======== Records to process
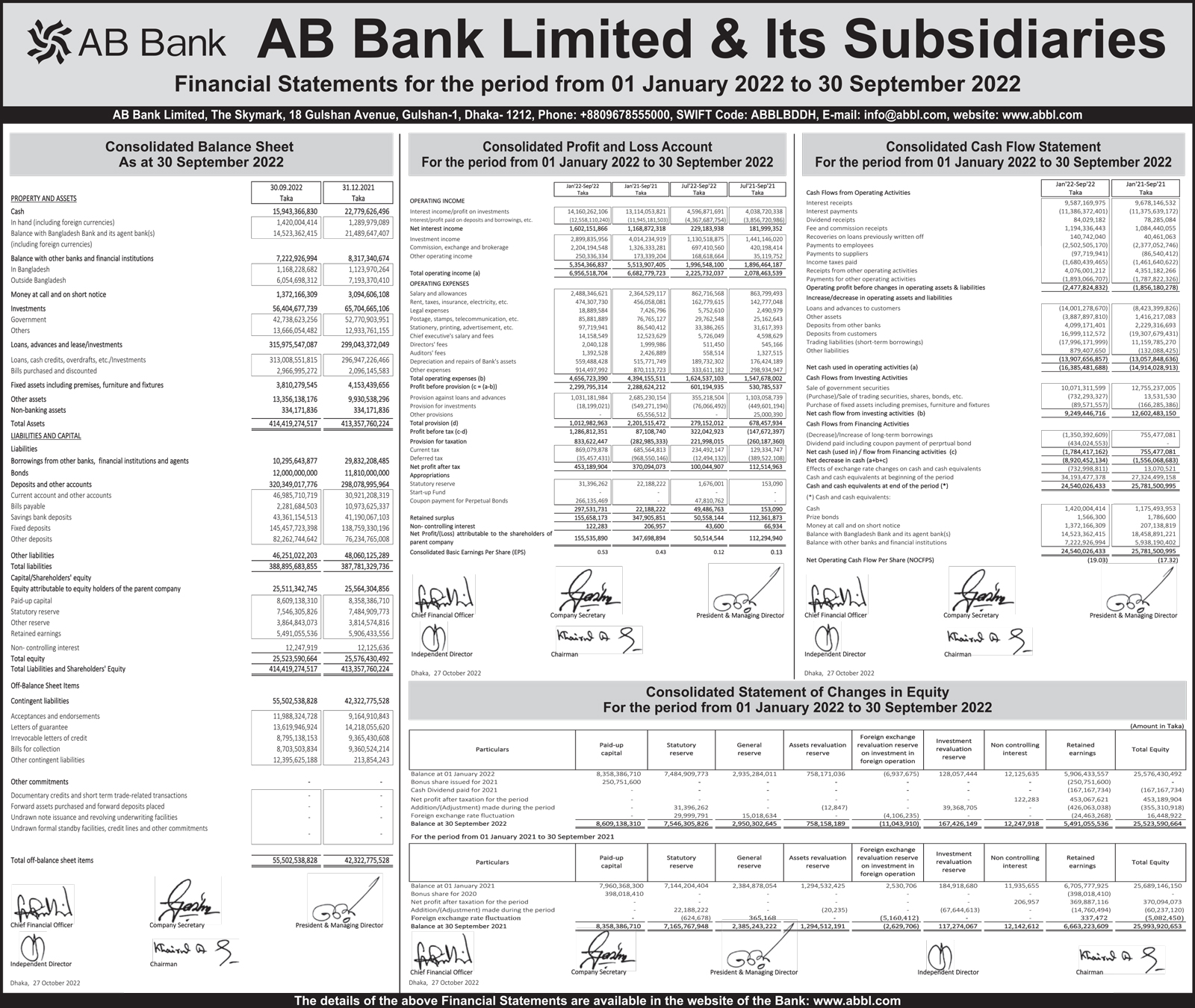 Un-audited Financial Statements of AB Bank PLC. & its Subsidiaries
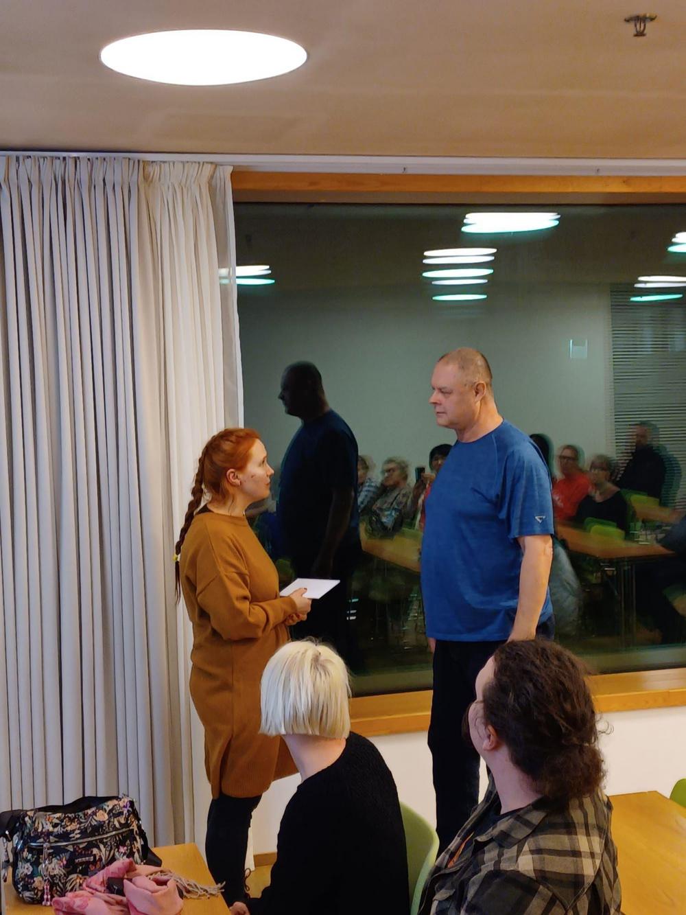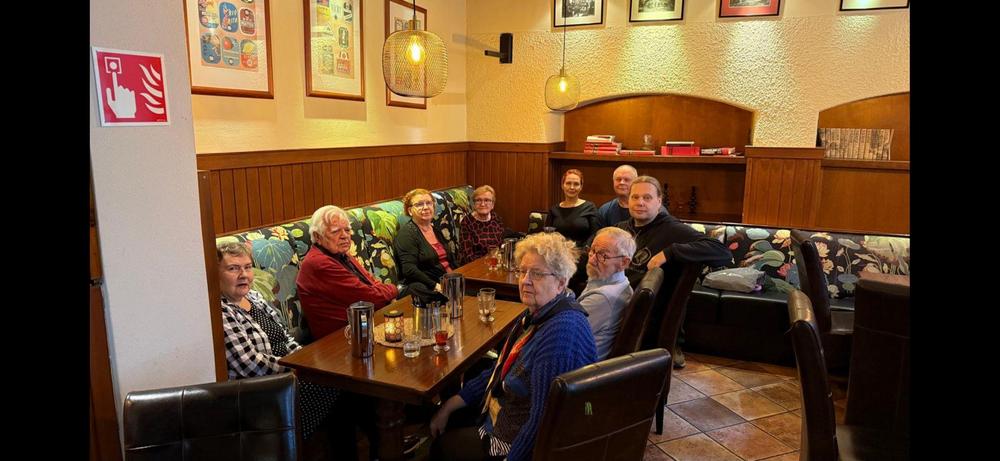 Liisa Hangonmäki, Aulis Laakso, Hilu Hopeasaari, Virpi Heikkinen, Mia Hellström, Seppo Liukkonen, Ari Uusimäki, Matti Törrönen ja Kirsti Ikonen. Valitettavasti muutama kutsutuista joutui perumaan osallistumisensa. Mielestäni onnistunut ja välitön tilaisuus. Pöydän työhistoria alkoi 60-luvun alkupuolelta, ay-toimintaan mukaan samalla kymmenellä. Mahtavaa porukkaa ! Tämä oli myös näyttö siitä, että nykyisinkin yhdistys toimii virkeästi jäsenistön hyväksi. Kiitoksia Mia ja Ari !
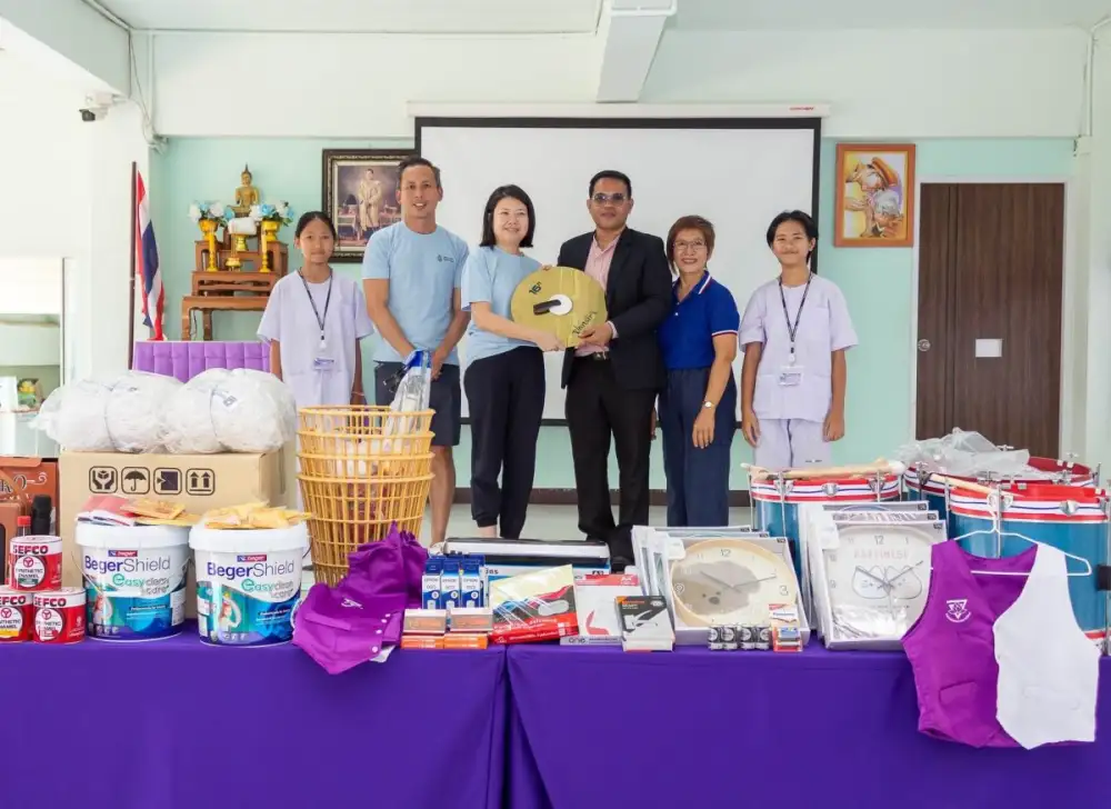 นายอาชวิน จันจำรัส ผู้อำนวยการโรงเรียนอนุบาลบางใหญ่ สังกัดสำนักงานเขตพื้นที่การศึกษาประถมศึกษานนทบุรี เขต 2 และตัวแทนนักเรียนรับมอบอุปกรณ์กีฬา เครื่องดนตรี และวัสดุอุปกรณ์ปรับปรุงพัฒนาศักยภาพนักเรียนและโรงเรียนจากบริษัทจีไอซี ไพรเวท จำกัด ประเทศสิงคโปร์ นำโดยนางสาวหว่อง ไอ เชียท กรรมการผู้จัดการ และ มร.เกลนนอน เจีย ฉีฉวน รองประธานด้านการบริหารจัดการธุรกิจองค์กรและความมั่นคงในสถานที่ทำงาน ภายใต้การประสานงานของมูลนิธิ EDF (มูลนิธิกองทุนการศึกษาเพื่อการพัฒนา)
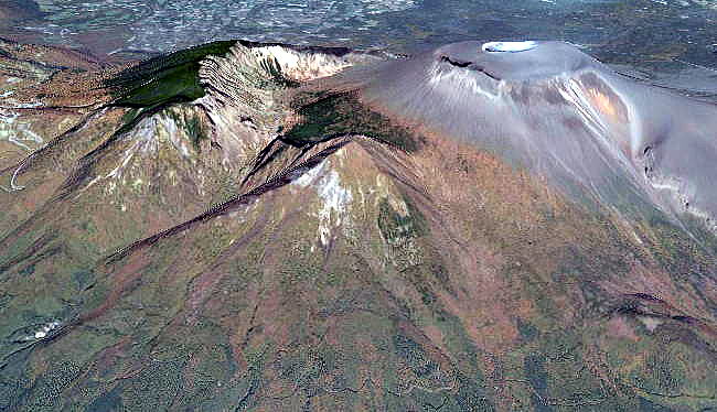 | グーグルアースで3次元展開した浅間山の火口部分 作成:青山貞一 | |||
================
======== Records to process
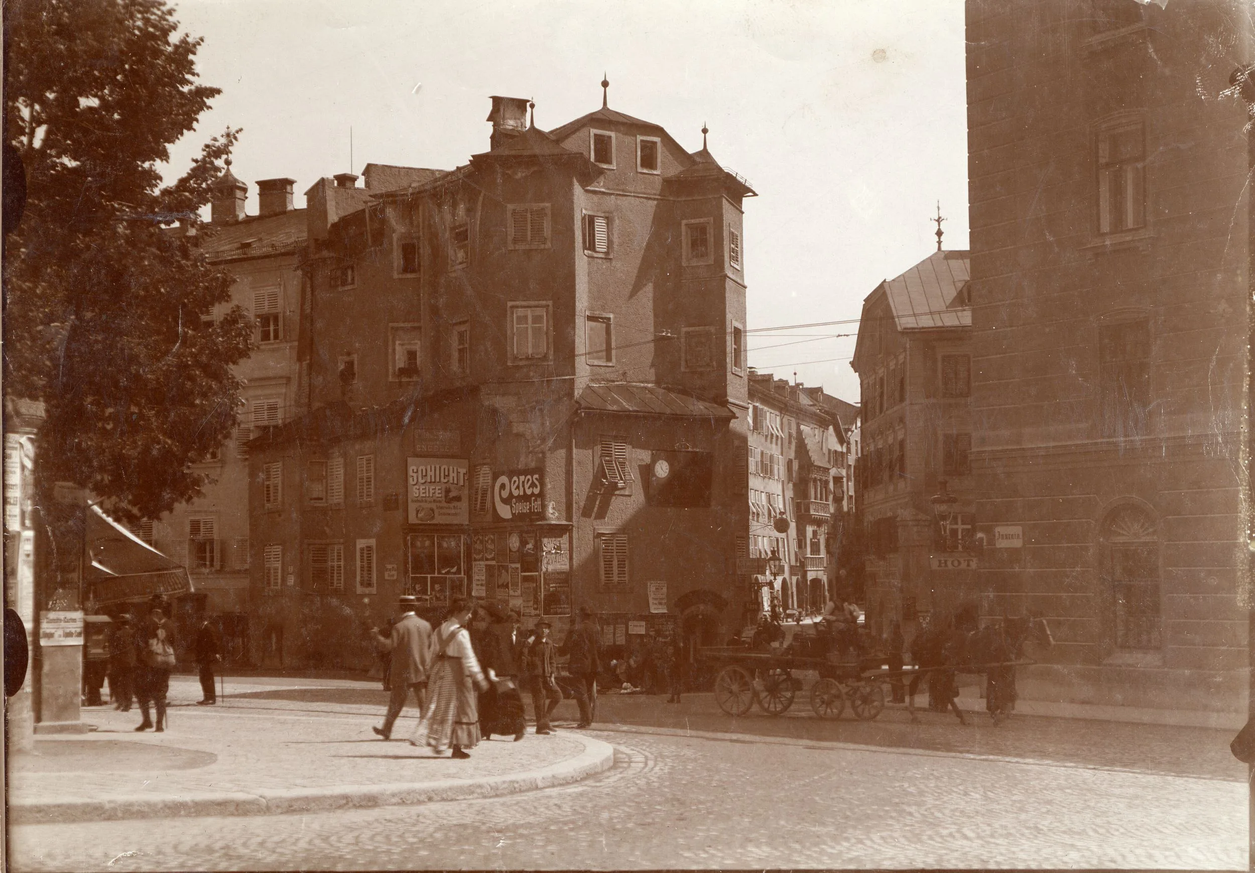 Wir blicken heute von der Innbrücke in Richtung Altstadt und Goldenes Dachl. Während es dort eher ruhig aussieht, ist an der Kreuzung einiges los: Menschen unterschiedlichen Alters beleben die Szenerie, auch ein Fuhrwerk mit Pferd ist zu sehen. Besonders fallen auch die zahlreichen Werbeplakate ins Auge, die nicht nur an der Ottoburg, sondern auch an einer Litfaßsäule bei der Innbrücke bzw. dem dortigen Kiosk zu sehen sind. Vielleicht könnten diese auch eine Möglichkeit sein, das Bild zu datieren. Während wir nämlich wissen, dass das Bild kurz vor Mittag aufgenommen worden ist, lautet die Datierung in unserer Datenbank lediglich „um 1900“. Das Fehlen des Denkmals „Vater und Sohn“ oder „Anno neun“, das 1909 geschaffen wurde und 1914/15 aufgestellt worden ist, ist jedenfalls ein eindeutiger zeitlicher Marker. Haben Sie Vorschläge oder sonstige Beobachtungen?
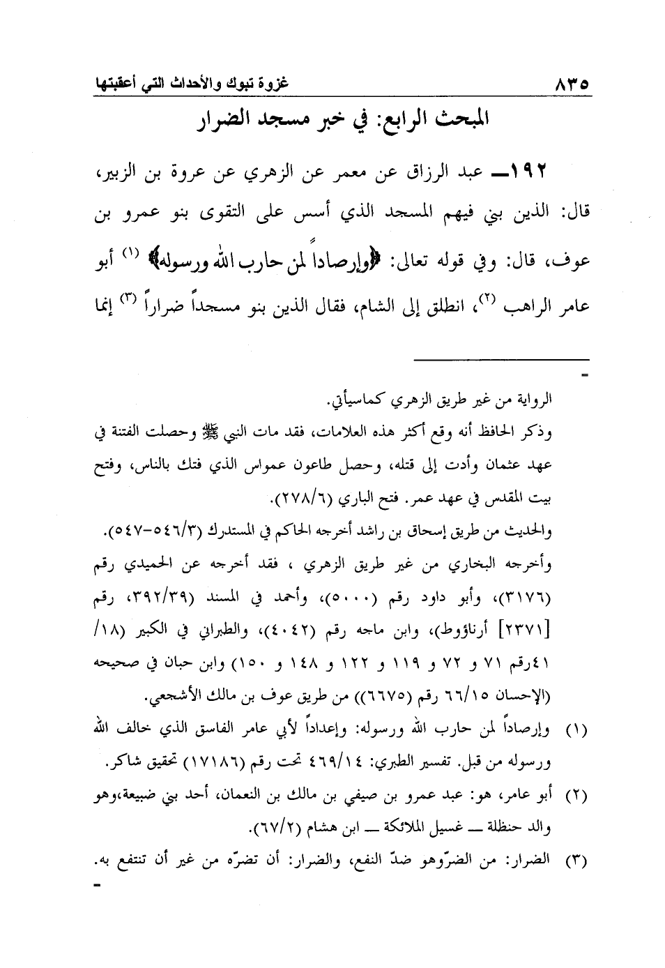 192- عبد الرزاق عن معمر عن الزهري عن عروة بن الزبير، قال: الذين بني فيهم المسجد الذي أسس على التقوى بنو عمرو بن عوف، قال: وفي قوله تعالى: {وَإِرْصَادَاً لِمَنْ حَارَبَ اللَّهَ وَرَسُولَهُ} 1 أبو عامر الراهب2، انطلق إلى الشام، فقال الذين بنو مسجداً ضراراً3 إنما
================
**Task objective**
Find the line with "Un-audited Financial Statements" and the line with "作成:青山貞一 | |||" in the records above. Copy both and all lines between them exactly, without pictures.

**Solved exercise**
 Un-audited Financial Statements of AB Bank PLC. & its Subsidiaries
 Liisa Hangonmäki, Aulis Laakso, Hilu Hopeasaari, Virpi Heikkinen, Mia Hellström, Seppo Liukkonen, Ari Uusimäki, Matti Törrönen ja Kirsti Ikonen. Valitettavasti muutama kutsutuista joutui perumaan osallistumisensa. Mielestäni onnistunut ja välitön tilaisuus. Pöydän työhistoria alkoi 60-luvun alkupuolelta, ay-toimintaan mukaan samalla kymmenellä. Mahtavaa porukkaa ! Tämä oli myös näyttö siitä, että nykyisinkin yhdistys toimii virkeästi jäsenistön hyväksi. Kiitoksia Mia ja Ari !
 นายอาชวิน จันจำรัส ผู้อำนวยการโรงเรียนอนุบาลบางใหญ่ สังกัดสำนักงานเขตพื้นที่การศึกษาประถมศึกษานนทบุรี เขต 2 และตัวแทนนักเรียนรับมอบอุปกรณ์กีฬา เครื่องดนตรี และวัสดุอุปกรณ์ปรับปรุงพัฒนาศักยภาพนักเรียนและโรงเรียนจากบริษัทจีไอซี ไพรเวท จำกัด ประเทศสิงคโปร์ นำโดยนางสาวหว่อง ไอ เชียท กรรมการผู้จัดการ และ มร.เกลนนอน เจีย ฉีฉวน รองประธานด้านการบริหารจัดการธุรกิจองค์กรและความมั่นคงในสถานที่ทำงาน ภายใต้การประสานงานของมูลนิธิ EDF (มูลนิธิกองทุนการศึกษาเพื่อการพัฒนา)
 | グーグルアースで3次元展開した浅間山の火口部分 作成:青山貞一 | |||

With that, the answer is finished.